Übersetzung von Monica Hostettler
Französisches Original
(Mit freundlicher Genehmigung von A. Manaï und Elkalam.com)

Ahmed Manaï1, ein Oppositioneller des Ben Ali-Regimes, wurde, wie tausende andere Tunesier, seiner Auffassungen wegen gefoltert. Sein Buch, Le Supplice Tunesien 2, welches im Jahre 1995 mit einem Vorwort von Gilles Perrault erschienen ist, beschreibt uns diese schmerzhafte Erfahrung. Auch heute noch ist er nach wie vor politisch engagiert, konnte aber den notwendigen Abstand für eine realistische Analyse der tunesischen Situation gewinnen. Er beschreibt uns heute seine Reflexion der Vergangenheit, der Gegenwart und legt uns eine mögliche zukünftige Entwicklung Tunesiens dar.

Elkalam: Könnte man hoffen, dass zwölf Jahren nach dem Erscheinen Ihres Buches " Le Supplice tunesien" das Regime von Ben Ali sich in die Richtung der Demokratie und mehr individueller Freiheiten entwickeln wird?

Ahmed Manaï: Dieses Buch war nur eine bescheidene, im Übrigen unvollständige, Zeugenaussage, da es sich nicht mit den politischen Verantwortlichen der tunesischen Tragödie befasst hat, im Besonderen denen der Nahdha-Bewegung. Denn man sollte nicht vergessen, dass Ben Ali und seine Regierungsform das Produkt unserer Geschichte, unserer Gesellschaft, unserer Intellektuellen und politischen Eliten sind, sowie des dominierenden internationalen Systems.

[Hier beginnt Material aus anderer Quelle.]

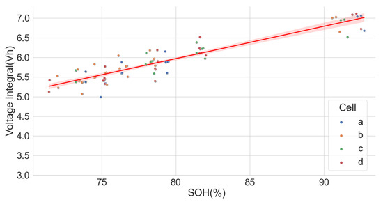 Following the results above, a dataset of the ageing test of some cells with known chemistry type was analysed to find the relationship between their SOH and the voltage integral. These cells include a positive electrode of LCO, as well as a blend of LCO and NMC, LFP, NCA and NMC. The dataset (CS2-37) consists of the measurements from the Arbin tester that was used to perform a cycle test with the charge at 0.5 C using the CCCV and discharge at 1 C on a 1.35 Ah LCO pouch cell at an approximately constant temperature of 25 C [34,35]. The time series dataset was analysed such that each full discharge was used to calculate the SOH of the cell, and the constant current charge phase was used to obtain the voltage integral. The scattered plot of the SOH and the voltage integral in Figure 10 show a good correlation of 0.9977.
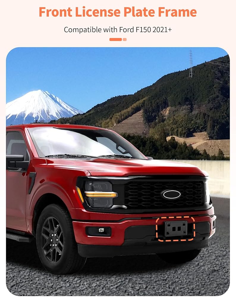 Perfect Compatibility: Front License Plate Holder Bracket Frame designed specifically for Ford F150 models from 2021-2025+, our Front License Plate Frame measures 12.8x6.89 inches, ensuring compatibility with your vehicle's design.

Entwickelt sich das Regime also in eine Richtung zu mehr Demokratie und individuellen Freiheiten? Nein, sicherlich nicht und die jüngsten Ereignisse bestätigen dies!

Das bedeutet aber nicht, dass es keine Veränderungen gab. Ein politischer Exilanten neigt zu glauben, dass das Land , welches er gezwungenermaßen verließ, unveränderlich und auf unbegrenzte Zeit in derselben Situation verbleibt ...und auf ihn wartet! Aber Gesellschaften haben ihre eigene Dynamik, sie verändern sich und entwickeln sich weiter, unabhängig von Individuen, politischen Parteien, Eliten und selbst unabhängig von Machthabern!

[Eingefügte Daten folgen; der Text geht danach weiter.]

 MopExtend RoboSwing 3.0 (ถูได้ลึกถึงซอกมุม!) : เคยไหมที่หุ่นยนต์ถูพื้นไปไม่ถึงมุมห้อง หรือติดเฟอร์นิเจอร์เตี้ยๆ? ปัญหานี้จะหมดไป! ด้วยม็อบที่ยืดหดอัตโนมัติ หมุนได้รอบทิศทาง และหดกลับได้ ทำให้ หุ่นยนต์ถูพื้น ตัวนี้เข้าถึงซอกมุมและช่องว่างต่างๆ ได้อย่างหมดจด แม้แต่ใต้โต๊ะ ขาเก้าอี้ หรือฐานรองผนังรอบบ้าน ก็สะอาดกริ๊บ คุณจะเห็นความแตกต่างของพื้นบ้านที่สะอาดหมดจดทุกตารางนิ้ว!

Es gibt eine Weiterentwicklung, aber es ist noch lange keine transparente Politik oder ausgereifte Staatsstrategie zu erkennen.

Man muss sich an die tunesische Situation Anfang der neunziger Jahre erinnern. Es herrschte brutale Repression, es gab eine ganze Reihe von Prozessen, nicht weniger als 10.000 politische Gefangene und dutzende Foltertote: Terror war allgegenwärtig ...

Die Gefangenen wurden, nachdem sie ihre Freiheitsstrafe verbüßt hatten, freigelassen und einige hundert wurden begnadigt. Es gibt nur noch etwa 60 Gefangene der Nahdha-Bewegung, man muss etwa 300 Jugendliche noch dazuzählen, die als Folge der Regierungsinitiative "ein Gesetz zur Bekämpfung des Terrorismus" in den letzten drei Jahren inhaftiert wurden.

Die politischen Führer und die Menschenrechtler marxistischer oder liberaler Prägungen, denen in den neunziger Jahren die Reisepässe entzogen worden waren, haben heute das Recht auf Reisefreiheit und viele Exilanten der Nahdha-Bewegung, sowie deren Ehefrauen und Kinder, kehren regelmäßig seit Anfang 2000 nach Tunesien zurück.

Zahlreiche Menschenrechtsverbände, die nicht anerkannt werden, veröffentlichen regelmäßig Kolumnen, Ankündigungen und Proteste.

Die Medien werden noch immer vom Machthaber monopolisiert, aber es gibt auf dieser Ebene Errungenschaften, die den Opponenten sehr leicht zugänglich sind, wie das Internet und die arabischen Satellitenprogramme, die von den Tunesiern am häufigsten benutzt werden. Informationen sind schnell im Umlauf, die Leute diskutieren, kritisieren und äußern sich über die Umstände von denen sie die Nase voll haben. Viele Tabus existieren heute nicht mehr!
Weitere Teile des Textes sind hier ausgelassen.